═════ Record set ═════

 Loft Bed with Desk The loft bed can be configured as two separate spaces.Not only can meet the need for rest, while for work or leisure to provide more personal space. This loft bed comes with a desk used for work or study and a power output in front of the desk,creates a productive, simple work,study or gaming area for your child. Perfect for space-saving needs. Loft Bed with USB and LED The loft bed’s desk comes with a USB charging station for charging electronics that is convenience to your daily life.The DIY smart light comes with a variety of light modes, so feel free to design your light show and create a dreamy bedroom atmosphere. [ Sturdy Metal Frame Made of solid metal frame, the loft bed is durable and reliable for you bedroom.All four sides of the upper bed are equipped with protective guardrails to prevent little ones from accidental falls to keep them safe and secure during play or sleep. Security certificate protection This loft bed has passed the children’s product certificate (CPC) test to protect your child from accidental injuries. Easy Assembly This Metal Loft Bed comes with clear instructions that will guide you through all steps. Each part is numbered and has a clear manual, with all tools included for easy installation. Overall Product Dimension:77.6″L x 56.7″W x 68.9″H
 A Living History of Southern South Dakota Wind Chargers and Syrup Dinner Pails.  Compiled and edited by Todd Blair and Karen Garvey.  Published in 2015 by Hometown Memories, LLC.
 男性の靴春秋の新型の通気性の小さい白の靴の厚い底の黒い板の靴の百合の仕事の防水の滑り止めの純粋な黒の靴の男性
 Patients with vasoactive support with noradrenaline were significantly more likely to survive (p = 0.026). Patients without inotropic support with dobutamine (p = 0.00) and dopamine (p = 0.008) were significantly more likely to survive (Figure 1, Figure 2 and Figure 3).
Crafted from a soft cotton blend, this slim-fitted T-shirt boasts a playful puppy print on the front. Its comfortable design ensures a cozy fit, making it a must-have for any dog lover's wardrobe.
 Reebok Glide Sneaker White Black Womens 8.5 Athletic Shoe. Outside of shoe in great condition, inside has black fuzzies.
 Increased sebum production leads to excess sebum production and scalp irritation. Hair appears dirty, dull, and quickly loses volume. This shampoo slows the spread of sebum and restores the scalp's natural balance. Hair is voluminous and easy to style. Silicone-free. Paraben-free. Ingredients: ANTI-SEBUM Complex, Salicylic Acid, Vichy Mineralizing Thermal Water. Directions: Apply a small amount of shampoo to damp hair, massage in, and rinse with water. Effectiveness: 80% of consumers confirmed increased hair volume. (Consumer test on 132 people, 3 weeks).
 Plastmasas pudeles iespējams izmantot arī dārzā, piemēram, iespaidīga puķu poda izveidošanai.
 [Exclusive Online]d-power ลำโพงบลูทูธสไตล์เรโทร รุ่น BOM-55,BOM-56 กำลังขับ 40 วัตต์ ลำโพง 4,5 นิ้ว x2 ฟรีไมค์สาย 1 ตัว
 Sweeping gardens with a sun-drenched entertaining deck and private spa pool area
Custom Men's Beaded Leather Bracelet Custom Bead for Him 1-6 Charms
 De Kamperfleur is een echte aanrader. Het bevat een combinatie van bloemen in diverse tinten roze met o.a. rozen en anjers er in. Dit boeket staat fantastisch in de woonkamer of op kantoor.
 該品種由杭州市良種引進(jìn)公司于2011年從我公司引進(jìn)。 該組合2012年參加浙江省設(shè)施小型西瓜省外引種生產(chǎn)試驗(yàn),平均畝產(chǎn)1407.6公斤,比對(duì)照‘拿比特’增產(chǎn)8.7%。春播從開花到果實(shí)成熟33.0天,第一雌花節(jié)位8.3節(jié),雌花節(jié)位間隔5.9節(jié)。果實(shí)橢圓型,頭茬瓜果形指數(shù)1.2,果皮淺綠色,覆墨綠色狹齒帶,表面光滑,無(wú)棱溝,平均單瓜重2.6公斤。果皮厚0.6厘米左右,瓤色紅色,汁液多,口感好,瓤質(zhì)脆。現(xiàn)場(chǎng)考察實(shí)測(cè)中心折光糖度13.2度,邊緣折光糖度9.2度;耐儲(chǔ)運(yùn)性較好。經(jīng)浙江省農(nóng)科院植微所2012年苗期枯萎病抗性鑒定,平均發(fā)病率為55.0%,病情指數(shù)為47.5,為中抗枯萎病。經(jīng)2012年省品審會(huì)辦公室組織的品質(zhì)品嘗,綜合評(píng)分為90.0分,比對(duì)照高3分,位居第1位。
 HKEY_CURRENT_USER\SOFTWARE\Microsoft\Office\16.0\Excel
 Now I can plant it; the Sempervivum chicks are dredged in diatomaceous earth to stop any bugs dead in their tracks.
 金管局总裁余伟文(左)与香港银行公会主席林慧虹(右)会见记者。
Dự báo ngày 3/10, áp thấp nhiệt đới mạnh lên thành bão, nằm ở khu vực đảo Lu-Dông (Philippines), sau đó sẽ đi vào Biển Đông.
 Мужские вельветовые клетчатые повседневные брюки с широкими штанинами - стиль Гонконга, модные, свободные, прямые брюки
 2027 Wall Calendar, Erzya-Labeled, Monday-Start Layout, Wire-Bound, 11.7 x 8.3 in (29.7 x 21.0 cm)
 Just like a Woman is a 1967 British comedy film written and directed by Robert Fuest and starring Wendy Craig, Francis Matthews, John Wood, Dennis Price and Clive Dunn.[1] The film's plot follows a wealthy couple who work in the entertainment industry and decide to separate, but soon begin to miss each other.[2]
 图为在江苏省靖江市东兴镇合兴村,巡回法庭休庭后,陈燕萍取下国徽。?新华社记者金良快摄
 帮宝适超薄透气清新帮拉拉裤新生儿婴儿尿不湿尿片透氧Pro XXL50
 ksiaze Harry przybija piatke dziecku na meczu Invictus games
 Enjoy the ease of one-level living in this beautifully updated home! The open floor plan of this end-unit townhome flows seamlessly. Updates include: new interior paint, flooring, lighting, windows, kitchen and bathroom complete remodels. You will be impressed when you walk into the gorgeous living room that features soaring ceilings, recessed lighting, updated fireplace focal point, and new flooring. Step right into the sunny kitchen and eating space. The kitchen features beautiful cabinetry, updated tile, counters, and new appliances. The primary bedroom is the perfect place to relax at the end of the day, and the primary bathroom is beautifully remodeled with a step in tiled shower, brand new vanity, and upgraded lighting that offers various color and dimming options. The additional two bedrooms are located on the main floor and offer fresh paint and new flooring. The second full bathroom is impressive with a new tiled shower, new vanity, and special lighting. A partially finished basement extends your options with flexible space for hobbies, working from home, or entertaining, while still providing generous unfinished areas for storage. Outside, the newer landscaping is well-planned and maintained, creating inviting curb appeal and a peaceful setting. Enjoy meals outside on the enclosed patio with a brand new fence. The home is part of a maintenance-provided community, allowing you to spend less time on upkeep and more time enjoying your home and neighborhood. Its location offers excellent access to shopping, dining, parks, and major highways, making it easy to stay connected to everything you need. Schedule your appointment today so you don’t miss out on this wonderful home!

═════

> [Exercise objective]: Repeat exactly the lines above from the one with "帮宝适超薄透气清新帮拉拉裤新生儿婴儿尿不湿尿片透氧Pro XXL50" up to and including the one with "ksiaze Harry przybija". No other line belongs in the reply.

> [Solution]:
 帮宝适超薄透气清新帮拉拉裤新生儿婴儿尿不湿尿片透氧Pro XXL50
 ksiaze Harry przybija piatke dziecku na meczu Invictus games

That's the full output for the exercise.